The purpose of this document is to present a preliminary evaluation the utility of the FAA 
Safety Analytics Thesaurus (SAT) utility in enhancing automated document processing 
applications under development at NASA Ames Research Center (ARC). Current 
development efforts at ARC are described, including overviews of the statistical machine 
learning techniques that have been investigated. An analysis of opportunities for applying 
thesaurus knowledge to improving algorithm performance is then presented. 

Background 

The Intelligent Data Mining group at NASA Ames Research Center has been developing 
machine learning algorithms and software tools to perform text mining and other 
document processing on the Aviation Safety Reporting System (ASRS) and Aviation 
Safety Action Program (ASAP) incident report databases. Two different problems are 
being addressed by this effort. The first is the automated categorization (classification) of 
incident reports by event type. The event types are drawn from the Distributed National 
ASAP Archive (DNAA) Master List [1] of 31 primary event types, and a report may 
belong to more than one event type category. The second task is to identify the 
contributing factors associated with each report’s events. That is, given a report and its 
event types, list the contributing factors associated with each event type. The 27 
contributing factor labels are also taken from the DNAA Master List. 

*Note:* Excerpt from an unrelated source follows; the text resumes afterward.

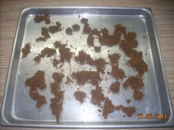 Табак, который продается в магазине, слишком крепкий для кальянной смеси, поэтому часть крепости нужно удалить. Делается это так. Часть табака (в моем случае, это 2/3 всего объёма, кому надо смесь покрепче, берете меньшую часть, кому послабее - берете больше) перекладывается в отдельную ёмкость.

At present, event types and contributing factors are labeled by hand. Processing ASRS 
and ASAP incident reports in this way is becoming unfeasible, due to the increasingly 
large number of reports. Automated categorization of reports has a number of potential 
advantages over using humans, including scalability and consistency. Scalability merely 
refers to the amount of time and (human) effort required to read through and categorize 
reports. This scalability issue is especially prominent if the DNAA Master List event type 
changes and it becomes necessary to recategorize all of the existing reports in the 
database. Computers can perform this task much faster than humans. Consistency can be 
a problem when manual categorization is performed by different people. With an 
automated system, inconsistencies between individuals can be eliminated. 

To date, our text mining efforts have primarily been applied to the first task, event type 
categorization [2-4]. We have investigated a number of different of machine learning 
(ML) approaches, including: 

• Support Vector Machines (SVM)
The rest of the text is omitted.